Data listing:
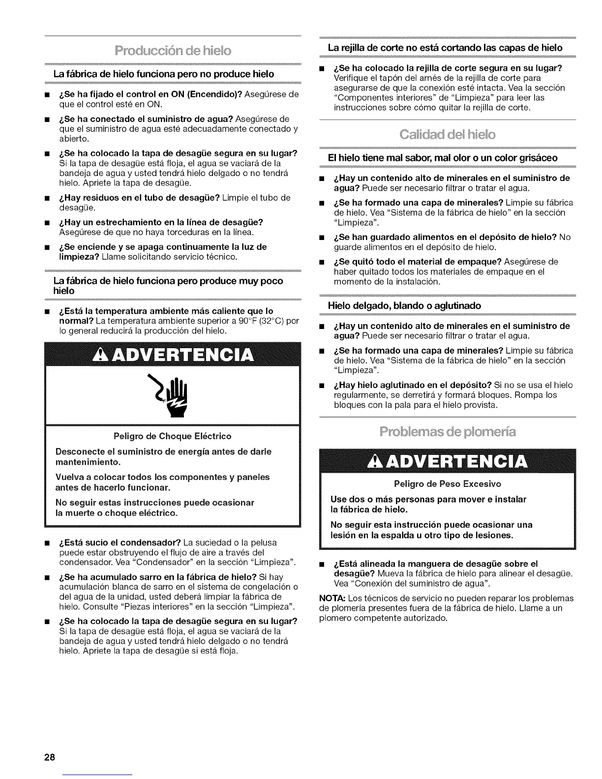 • &Hay hielo aglutinado en el depbsito? Si no se usa el hielo
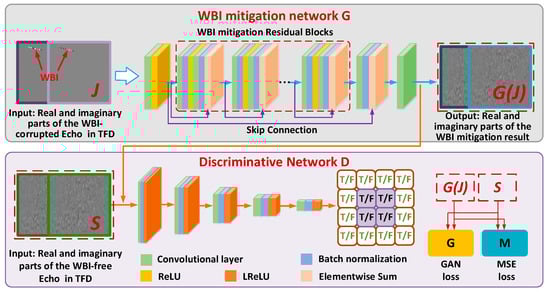 The generative adversarial network (GAN) is an emerging generative framework that draws inspiration from the zero-sum game theory. It is composed of a generative network and a discriminative network. The generative network acquires knowledge from real-world examples and produces fabricated samples, whereas the discriminative network assesses the genuineness of the samples. Throughout the training procedure, the generator consistently enhances the authenticity of the counterfeit samples that are produced. At the same time, the discriminatory network imposes penalties on the produced samples, thereby compelling the generative network to generate samples of superior quality. In this way, the GAN can consistently diminish the statistical disparity between the generated and authentic samples. As a result, the WBIM-GAN is composed by a network for mitigating WBI and a network for discriminating WBI. The is employed to reduce WBI and produce the SAR echo without WBI. At the same time, the is employed to differentiate the accuracy of the WBI mitigated SAR echo produced by the . The utilizes the integration of the deep residual network to enhance the effectiveness of WBI mitigation while solving the gradient saturation problem in the deeper layers. Meanwhile, it employs the PatchGAN framework to capture the local details and statistical characteristics of the target echoes, thereby augmenting the effectiveness of WBI mitigation.
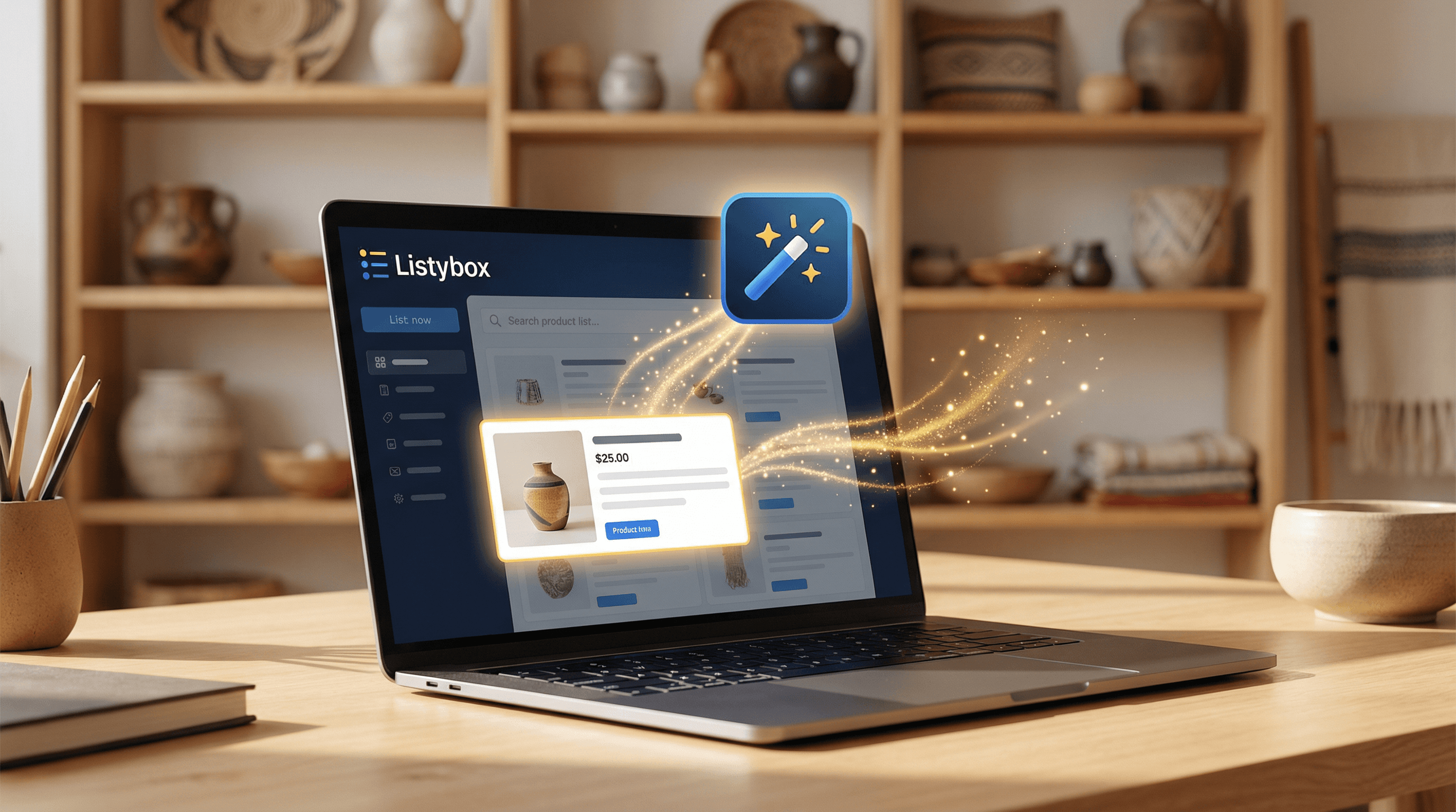 This is exactly why Listybox developed the Magic Wand feature. Instead of spending hours on keyword research, you simply click one button. The system analyzes what's actually selling in your niche, identifies the keywords competitors are using to rank, and generates a complete, optimized listing in seconds. Sarah's 750-hour nightmare? Reduced to an afternoon.
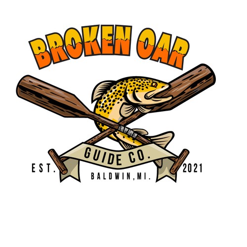 Group of fishing buddies that would like to create a fly fishing logo that includes a broken oar, brown trout and establ
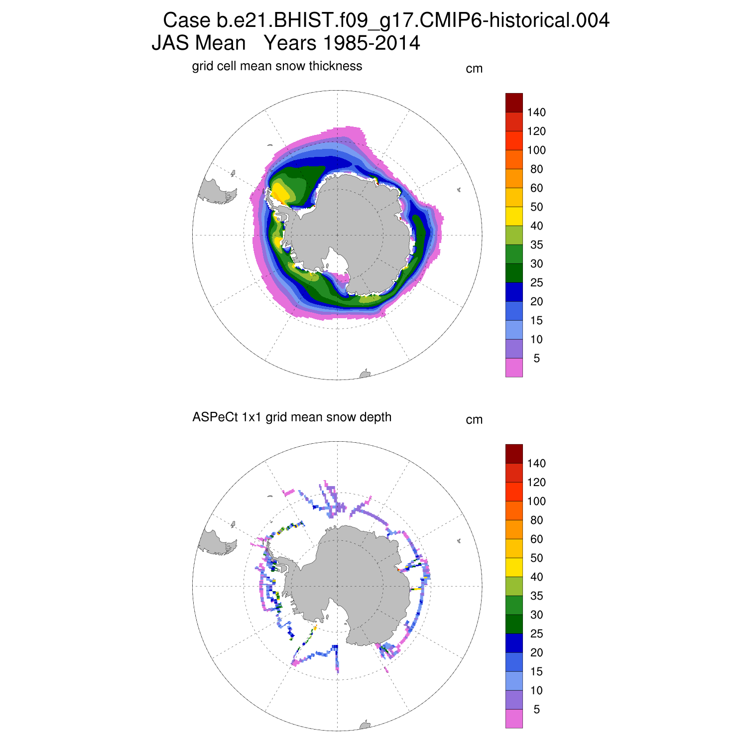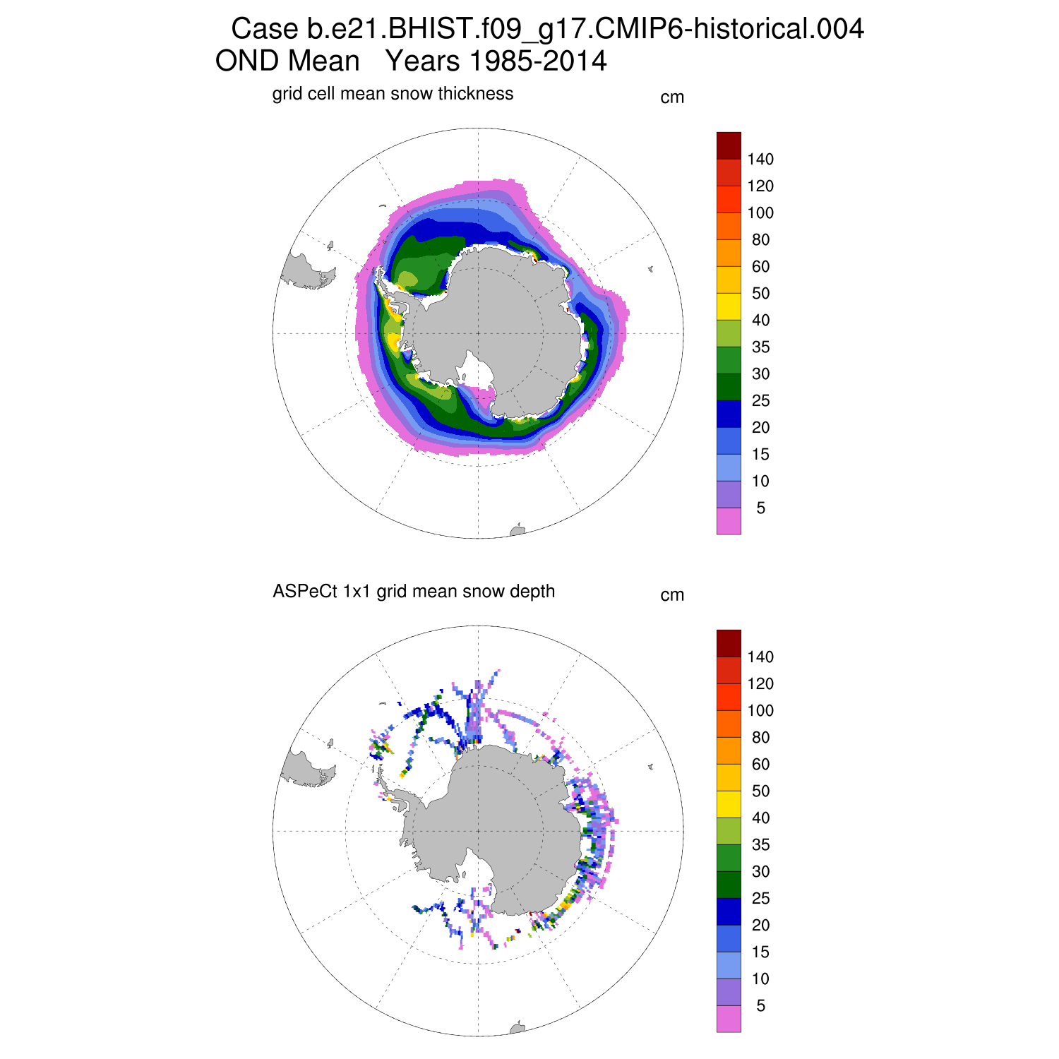 Snow Depth vs ASPeCt (SH) Contour JFM AMJ JAS OND ASPeCt (SH) info

What you are asked to do:
Start to finish, write out the data above exactly, omitting all pictures.

Solution to the exercise:
 • &Hay hielo aglutinado en el depbsito? Si no se usa el hielo
 The generative adversarial network (GAN) is an emerging generative framework that draws inspiration from the zero-sum game theory. It is composed of a generative network and a discriminative network. The generative network acquires knowledge from real-world examples and produces fabricated samples, whereas the discriminative network assesses the genuineness of the samples. Throughout the training procedure, the generator consistently enhances the authenticity of the counterfeit samples that are produced. At the same time, the discriminatory network imposes penalties on the produced samples, thereby compelling the generative network to generate samples of superior quality. In this way, the GAN can consistently diminish the statistical disparity between the generated and authentic samples. As a result, the WBIM-GAN is composed by a network for mitigating WBI and a network for discriminating WBI. The is employed to reduce WBI and produce the SAR echo without WBI. At the same time, the is employed to differentiate the accuracy of the WBI mitigated SAR echo produced by the . The utilizes the integration of the deep residual network to enhance the effectiveness of WBI mitigation while solving the gradient saturation problem in the deeper layers. Meanwhile, it employs the PatchGAN framework to capture the local details and statistical characteristics of the target echoes, thereby augmenting the effectiveness of WBI mitigation.
 This is exactly why Listybox developed the Magic Wand feature. Instead of spending hours on keyword research, you simply click one button. The system analyzes what's actually selling in your niche, identifies the keywords competitors are using to rank, and generates a complete, optimized listing in seconds. Sarah's 750-hour nightmare? Reduced to an afternoon.
 Group of fishing buddies that would like to create a fly fishing logo that includes a broken oar, brown trout and establ
 Snow Depth vs ASPeCt (SH) Contour JFM AMJ JAS OND ASPeCt (SH) info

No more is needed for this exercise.